In a wide geographical, chronological and disciplinary comparative framework this module explores the diverse nature of migration and cultural change. More specifically, the module analyses how migrant communities have reconstituted their identities and the linguistic and cultural forms of expression in light of their origins and their new environments.

Aims and Objectives

Module Aims

• Introduce you to histories of migration, diasporas and cultural change. • Explore the histories of selected societies that have been shaped by migration. • Develop an understanding of cultural change, including discussion of the importance of ‘cultural inheritance’ and of ‘cultural adaptation’ to migrant or transnational groups. • Explore theoretical concepts like ‘otherness’, ‘hybridity’, ‘creolisation’ and ‘tradition’. • Develop an understanding of global history and of histories of trans-oceanic connections

Learning Outcomes

Knowledge and Understanding

Having successfully completed this module, you will be able to demonstrate knowledge and understanding of:

  • The key concepts of migration and cultural change.
  • Debates over the importance of cultural inheritance and cultural change for migrant groups and in societies shaped by migration.
  • The history of selected case studies of migration, which can include the slave trade, Irish migration, migration from the Indian subcontinent, migration from Europe to the Americas.
  • Recent developments in global, or ‘transnational’, history
Transferable and Generic Skills

Having successfully completed this module you will be able to:

  • Work independently
  • Master new and unfamiliar subject material swiftly and effectively
  • Present your work and discuss it before a group
  • Analyse a range of complex primary and secondary source material
  • Produce effective written presentations in the form of essays
Subject Specific Intellectual and Research Skills

Having successfully completed this module you will be able to:

  • Take a critical approach to key concepts and be aware that definitions are not fixed but context-specific.
  • Appreciate the merits of a comparative approach.
  • Think beyond the boundaries of established fields
  • Recognize the advantages (and disadvantages) of using theories about culture and identity to approach to histories of migration

Syllabus

In a wide geographical, chronological and disciplinary comparative framework this module explores the diverse nature of migration and cultural change. It looks at migrants’ position vis-à-vis their place of origin and their new surrounding culture and society. More specifically, the module analyses how migrant communities have reconstituted their identities and the linguistic and cultural forms of expression in light of their origins and their new environments. Emphasis is placed on exploration of the intersection of politics and culture in respect to race, nationality, ethnicity, gender and class. The module will examine a set of case studies, allowing students to apply their knowledge and understanding to a range of contexts and enabling them to work in a comparative manner.

Learning and Teaching

Teaching and learning methods

Teaching methods include • Weekly two-hour seminar groups Learning activities include • Individual study and research • Preparing and delivering presentations • Responding to visual and other sources provided by tutor(s) • Participating in group discussions

TypeHours
Seminar36
Preparation for scheduled sessions164
Wider reading or practice100
Total study time300

Resources & Reading list

Jana Evans Braziel and Anita Mannur (eds) (2003). Theorizing Diaspora: a reader. 

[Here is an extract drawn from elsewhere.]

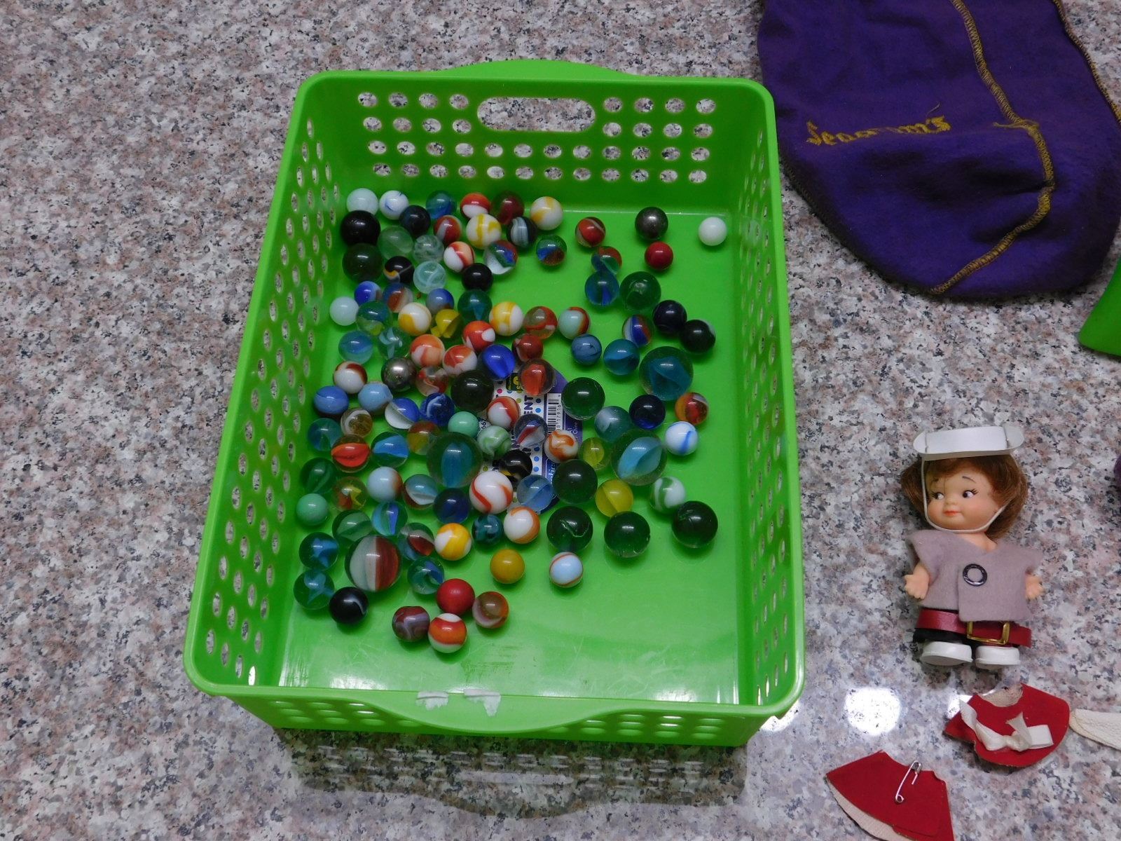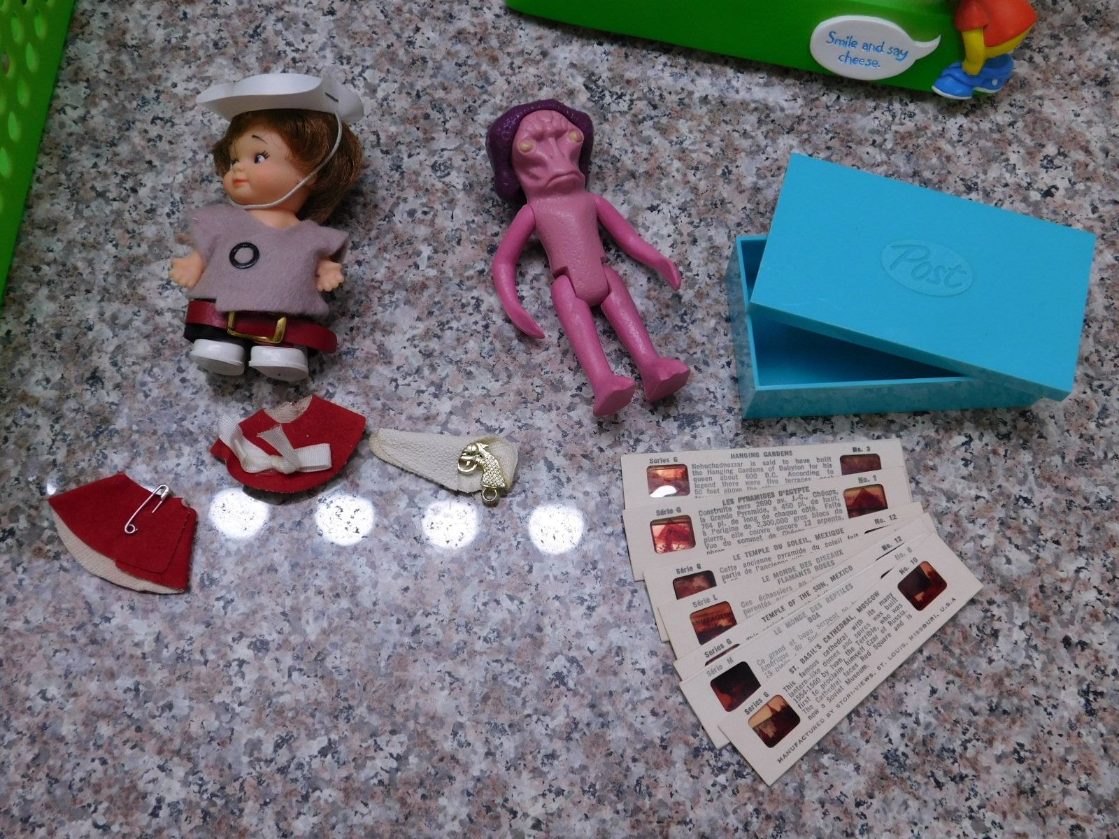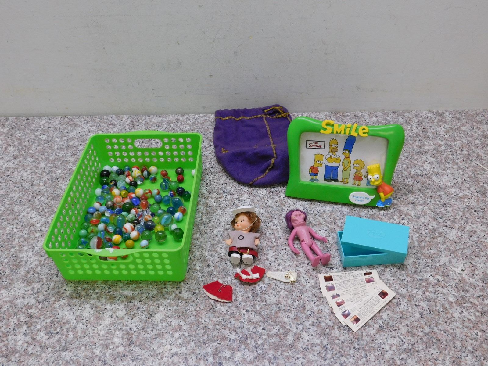 Battlestar Galactica, Simpsons Picture Frame, Marbles Seagrams Bag, Viewmaster, Doll

K. Kenny (2003). Diaspora and comparison: The global Irish as a case study. Journal of American History. ,90 , pp. 0.

John Hutchinson, Anthony D. Smith (eds.) (1996). Ethnicity. 

Ethnic and Racial Studies. Journal

John A. Armstrong (1976). Mobilized and Proletarian Diasporas. The American Political Science Review. ,70 , pp. 393-408.

Collection of links.

Homi K. Bhabha (1994). The Location of Culture. 

Dirk Hoerder (2002). Cultures in Contact. 

Tony Kushner and Katharine Knox (1999). Refugees in an age of genocide: global, national, and local perspectives during the Twentieth Century. 

Robin Cohen (1996). Global Diasporas: An Introduction. 

Paul Gilroy (1993). The Black Atlantic: Modernity and Double Consciousness. 

Jytte Klausen (2005). The Islamic Challenge: Politics and Religion in Western Europe. 

Yuri Slezkine (2004). The Jewish Century. 

Diaspora: A Journal of Transnational Studies. Journal

Gabriel Sheffer (2003). Diaspora Politics: at home abroad. 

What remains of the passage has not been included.